Connecting the constants
The final number comes from theoretical mathematics. It is Euler's (pronounced "Oiler's") number: e^πi. This number is equal to -1, so when the formula is written e^πi+1 = 0, it connects the five most important constants in mathematics (e, π, i, 0, and 1) along with three of the most important mathematical operations (addition, multiplication, and exponentiation).

These five constants symbolize the four major branches of classical mathematics: arithmetic, represented by 1 and 0; algebra, by i; geometry, by π; and analysis, by e, the base of the natural log. eπi+1 = 0 has been called "the most famous of all formulas," because, as one textbook says, "It appeals equally to the mystic, the scientist, the philosopher, and the mathematician."

The reason for this wide-ranging appeal is its utter serendipity. First, there is the ubiquitous number e, which pops up in the most unexpected places. It was first discovered in an attempt to make multiplication easier. In 1614, John Napier figured that adding exponents was easier than multiplying multi-digit numbers, so he (and others) calculated the logarithms of all integers from 1 to 100,000, expressing these numbers as powers of 10. Later mathematicians found it more convenient to express logarithms as powers of the natural log e, a number close to 2.71828.
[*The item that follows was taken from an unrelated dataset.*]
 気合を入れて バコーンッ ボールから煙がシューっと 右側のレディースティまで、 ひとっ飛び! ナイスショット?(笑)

This number also appears in banking, because it is the limit for growth of compound interest. Let's say one invested $1,000 in a very generous bank that paid an annual interest of 100%. If interest were compounded annually, at the end of the year, the money would have grown to $2,000. If, however, the bank compounded interest four times a year, the money would grow to $2,441.41. If the bank compounded interest continually, the deposit could grow to $2,718.28, which just happens to be the value of e times the original investment.

Finally, e turns up at the origin of calculus, where it is the function equal to its own derivative (if y = e^x then dy/dx = e^x), and it equals the limit of (1+ 1/n)n as n approaches infinity. e is irrational, so it can never be written exactly in decimal form, but it is a very useful and fascinating number in its own right.
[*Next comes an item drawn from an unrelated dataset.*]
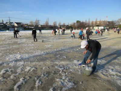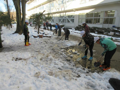 先週降った校庭の雪は少なくなってきましたが、朝になると凍結してしまいます。そこで、高学年の児童が少しずつ片付けています。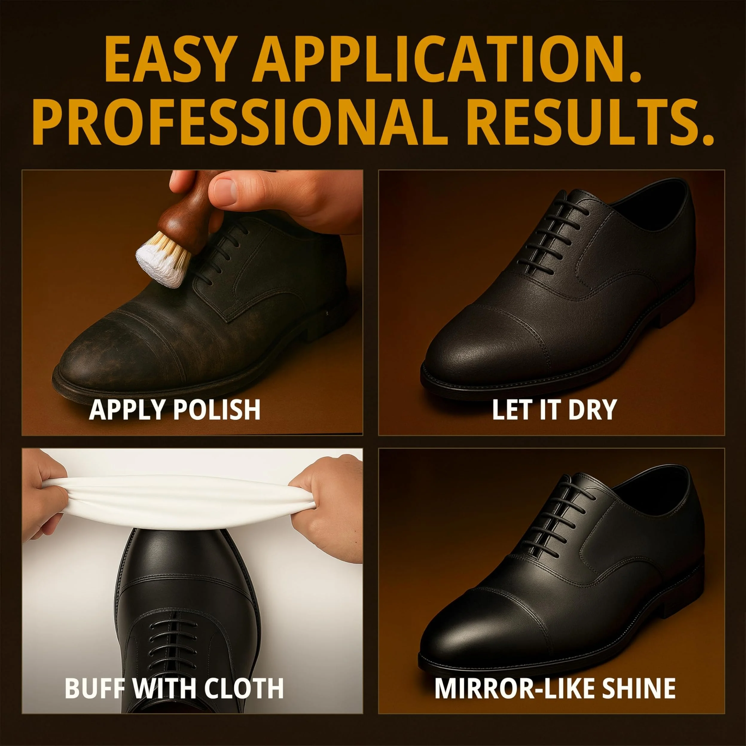 Use regularly to maintain leather quality, enhance color depth, and protect shoes from moisture, drying, and everyday wear.

When we combine e with π, we are introducing the oldest irrational number. Two thousand years before Christ, the Greeks knew that π was the ratio of the circumference of a circle to its diameter and that it could not be expressed as the ratio of any two integers. It is essential in geometry, but it also turns up in waves of air, water, electricity, and light, and it even helps actuaries calculate how many 50-year-old men will die this year.

The number i is a relative latecomer, proposed in the 1600s as an imaginary number and defined as the square root of -1. It was proposed to help solve equations like x²+ 1 = 0, but today it is useful in science and engineering. George Gamow, in his book One, Two, Three … Infinity, even uses i to locate buried treasure with an outdated map.
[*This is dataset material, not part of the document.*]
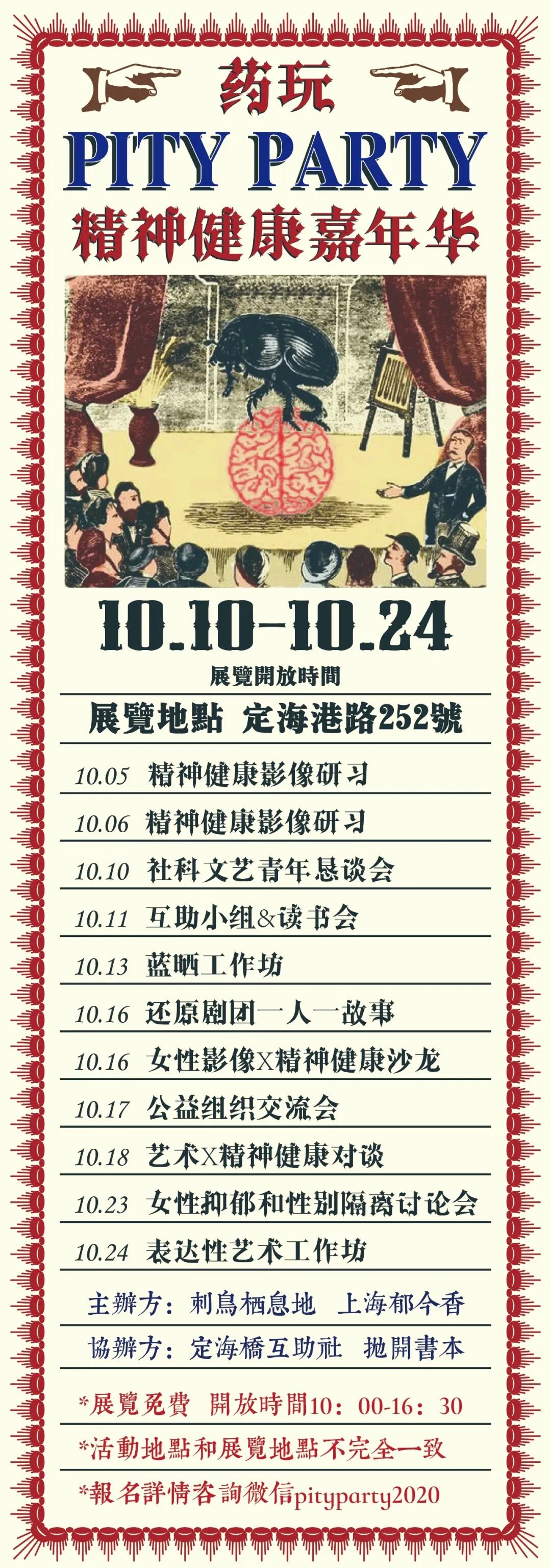 展览期间,除了现场能够看到实物的展品之外,我们还会办很多公共艺术活动,以及精神健康自助/互助活动,形式包括但不限于讲座、沙龙、工作坊,还有面向亲历者的读书会和互助团体等等。

The idea that these two irrational numbers should combine with an imaginary one to yield so utilitarian a result is breathtaking. It is like deconstructing a chemical necessary for life (salt) and finding that it consists of two deadly poisons (sodium and chlorine). That these three strange numbers with such diverse origins should work together to produce a result so basic to mathematics argues that there is a profound elegance or beauty built into the system.

The discovery of this number gave mathematicians the same sense of delight and wonder that would come from the discovery that three broken pieces of pottery, each made in different countries, could be fitted together to make a perfect sphere. It seemed to argue that there was a plan where no plan should be.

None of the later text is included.